FYI more WebGL heatmap development by vitessce https://github.com/hubmapconsortium/vitessce/issues/656. I'm playing WebGL heatmap matchmaker
Dot plot legend:
You can also check scanpy dotplot legend here:
https://scanpy-tutorials.readthedocs.io/en/latest/plotting/core.html#dotplot
and
https://scanpy.readthedocs.io/en/stable/_images/scanpy.pl.dotplot.png (two different styles are shown here)
and
Few things related to "what color represents" discussion we had:
1) mean_only_expressed
argument (https://scanpy.readthedocs.io/en/stable/api/scanpy.pl.dotplot.html) determines how the mean is calculated (with or without zeros).
2) See values_to_plot
argument here: https://scanpy-tutorials.readthedocs.io/en/latest/plotting/core.html#Visualize-marker-genes-using-dotplot which can take values like logfoldchanges etc. (sorry this argument is not well-documented right now due to a bug in the documentation tool I guess), it was supposed to be here https://scanpy.readthedocs.io/en/latest/api/scanpy.pl.rank_genes_groups_dotplot.html)
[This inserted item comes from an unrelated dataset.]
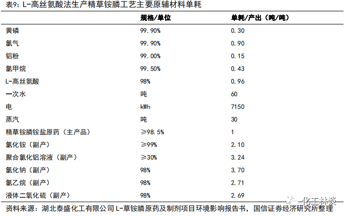 L-高絲氨酸法的關鍵在于 L-高絲氨酸、中間體的穩定供應,技術成熟后成本優勢將逐漸顯現。根據泰盛化工、匯盟生物等公司的相關項目環評公告及百川盈孚、wind 等平臺提供的相關原輔材料價格信息,我們測算出以葡萄糖為原料使用生物發酵法生產 L-高絲氨酸的主要原輔材料成本約 1.1 萬元/噸。同時,根據湖北泰盛化工有限公司 L-草銨膦原藥及制劑項目環境影響報告書中 L-草銨膦的物料平衡表,剔除掉溶劑等重復使用的物料,我們測算出理論上 L-高絲氨酸法生產精草銨膦的主要原輔材料成本約 7-8 萬元/噸,而 L-高絲氨酸工藝的副產品如果全部外售也可帶來 1-2 萬元/噸的收入,沖抵部分生產成本。目前國內 L-高絲氨酸法精草銨膦尚實現工業化生產,原因在于 L-高絲氨酸和中間體的供應不穩定以及工藝不夠成熟,我們認為未來工藝成熟后 L-高絲氨酸法的成本優勢將逐漸顯現。

Clever example of an interactive heatmap with use of multiple rows of metadata to define columns and zooming and search functionality: https://lungmap.net/breath-omics-experiment-page/?experimentTypeId=LMXT0000000016&experimentId=LMEX0000004388&analysisId=LMAN0000000344&view=signatureList
The overall idea is to allow toggling between the 'cells' view (umap/tsne) with a 'genes' view (heatmap probably) so that cellxgene users can get a sense of the overall shape of the dataset from a genes perspective, see how they cluster, and drill down and select them.
A couple very rough mocks just to get the idea across:
Filing this issue so we can begin to reference it from other issues. Thanks to @ambrosejcarr for spurring this idea forward in conversations & mocks.